You had several stints with Basie.

Oh yeah. My kids were just too young to stay on the road. He actually brought me to Las Vegas. I came twice to Vegas and then he took me to Europe. So I was never constantly with him. It was just like you’ll be there for two weeks, or one week, that kind of thing. I only spent a little bit of time in the United States on the bus with the band.

Before you joined Basie you signed your first record deal with Chess in 1966. How did that come about?

I was singing in the Chicago Playboy Club. I doubt I had been there three days when Dick LaPalm (a Chess Records’ executive) was asked by Billy Rizzo to come see me. Billy was working at the Playboy club at the time and he and Dick were friends. He said to Dick: “I have a girl singing in the club, I want you to listen to her.” Dick LaPalm came over and the next thing I knew I had a record deal. “I want you to sign with us,” he said. It was a whirlwind. The only part of that that really was a pain in the ass was all the managers; “you sign with me, you sign with them and then sign with somebody else.” I made that mistake, signing. But anyway it all worked out.

 

MS_spice

Your second Chess album, ‘The Spice Of Life,’ included one of your most famous songs – the much-sampled ‘Woman Of The Ghetto,’ which you co-wrote. Do you remember how it came about and what inspired it?

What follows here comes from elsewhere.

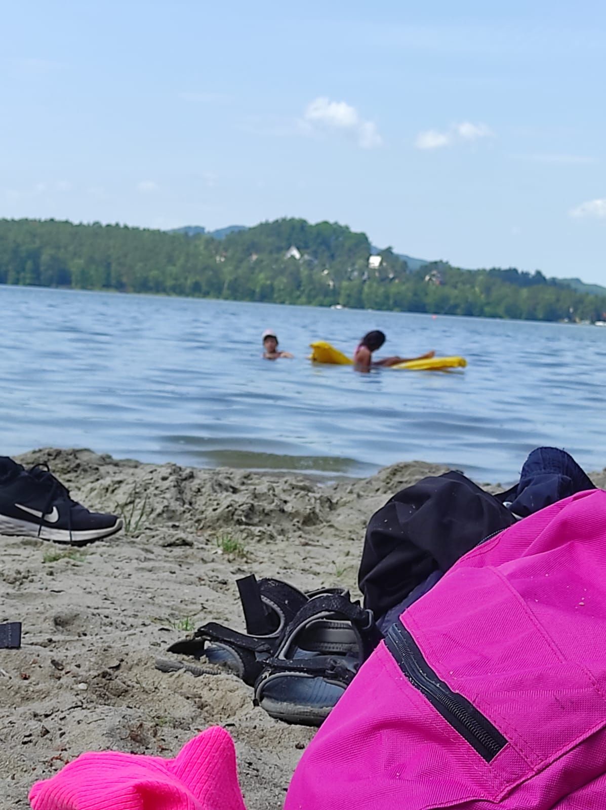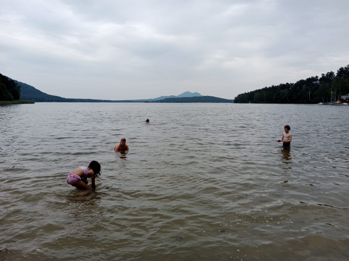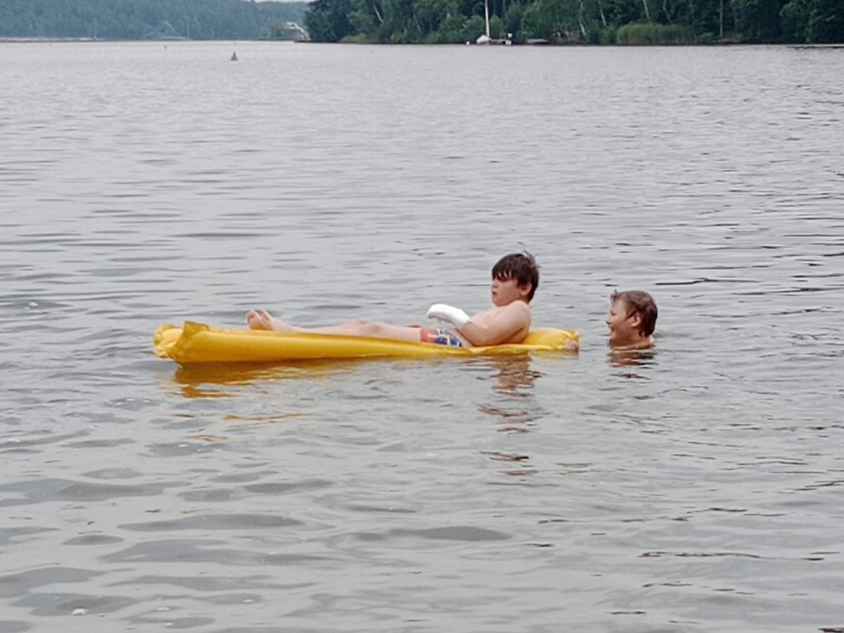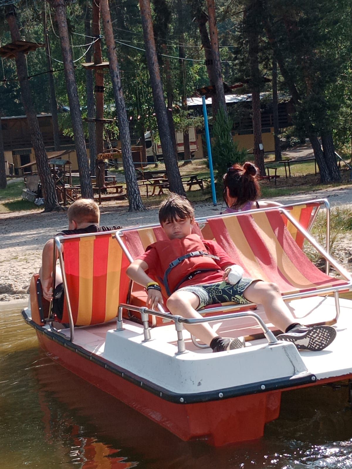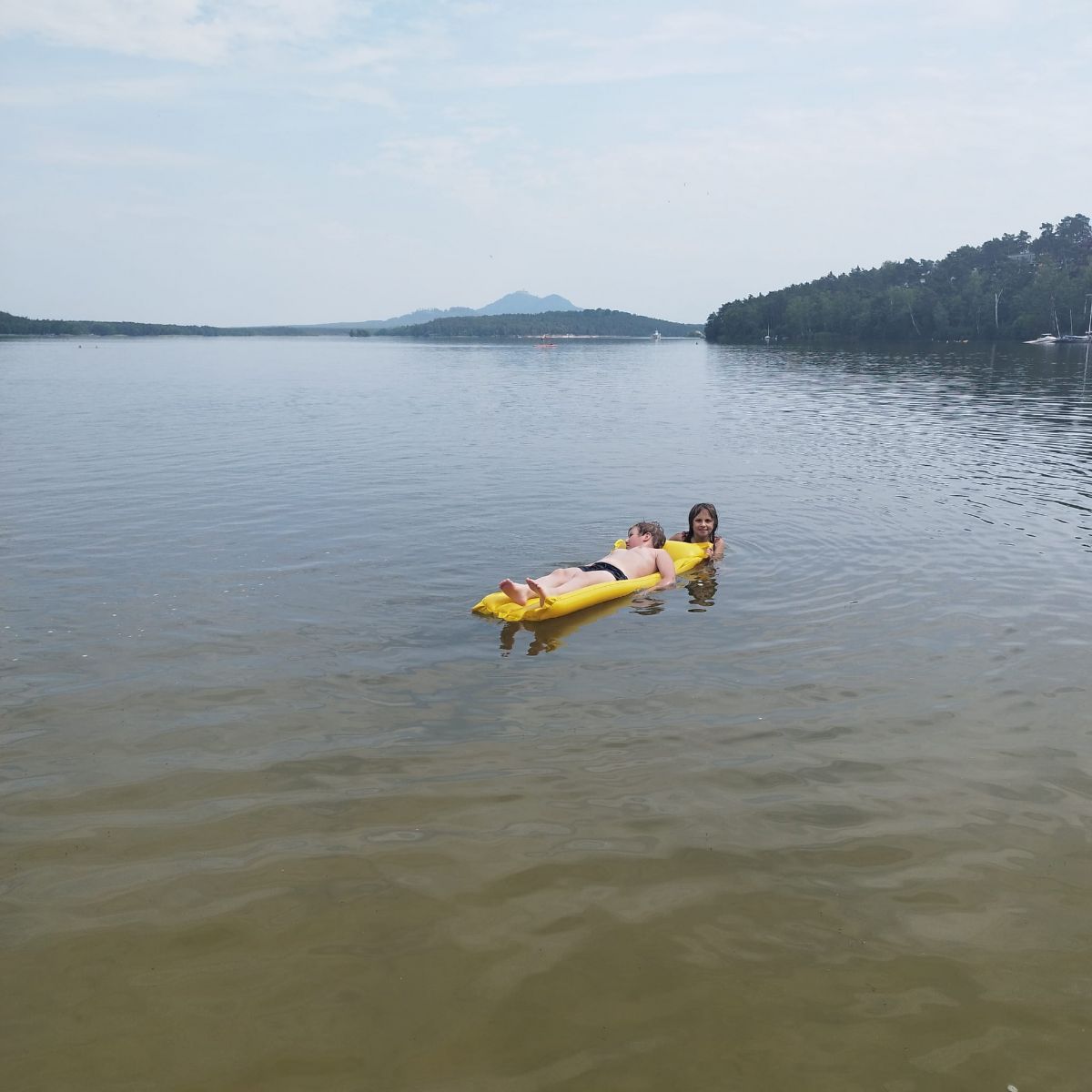 Výlet do Starých Splavů se nám pěkně vydařil. Prošli jsme se jedinečným borovým lesem, kde jsme si natrhali sladké borůvky dokonce i ve společnosti datlů. Po vydatném obědě jsme vyrazili k Máchovu jezeru, kam se děti moc těšily na vodní hrátky a bylo obtížné je dostat z jezera ven. Poté jsme jako správní trempové postavili stany, nasbírali dřevo a uvařili guláš v kotlíku. Večer byl poněkud strašidelný. Děti výtvarně znázornily bytosti, kterých se bojí a také se namaskovaly, aby se mohly vydat na stezku odvahy. Tam na ně čekala strašidla a plnění různých úkolů. Děti byly odvážné a výzvy výborně zvládly. Zkušeně ukořistily poklad a odměnou jim byly medaile a diplomy s pasováním na superhrdiny a nebojsy. Druhý den nám počasí opravdu přálo, tak jsme podnikli vyjížďku na šlapadlech. Výlet jsme si náramně užili. Děkujeme paní Vtipilové za možnost být v malebném prostředí chaty a skvělou spolupráci.

Just actually talking with Richard Evans (her bassist/producer/arranger) about things that were going on in the school districts. These were things that we were living through at the time. I was socially conscious like many young people are and felt that you’d change the world by your words. I don’t really know how I started singing it, because we were talking on the telephone at this point – I was in New York and he’s in Chicago. He said, “maybe it needs some kind of chant” because I had already started writing the song but it had no title. I was just talking to him and then I would be rhyming and singing and he started writing as well. He was actually writing what I was singing over the phone on the piano. It really kind of worked out. I remember writing some of the lyric on a piece of brown paper bag on the aeroplane going to Chicago to record. I didn’t realise you get food on the plane so I took my food in a brown paper bag and after I had eaten it, I just ripped open the bag because that was the only paper I had and I continued writing it.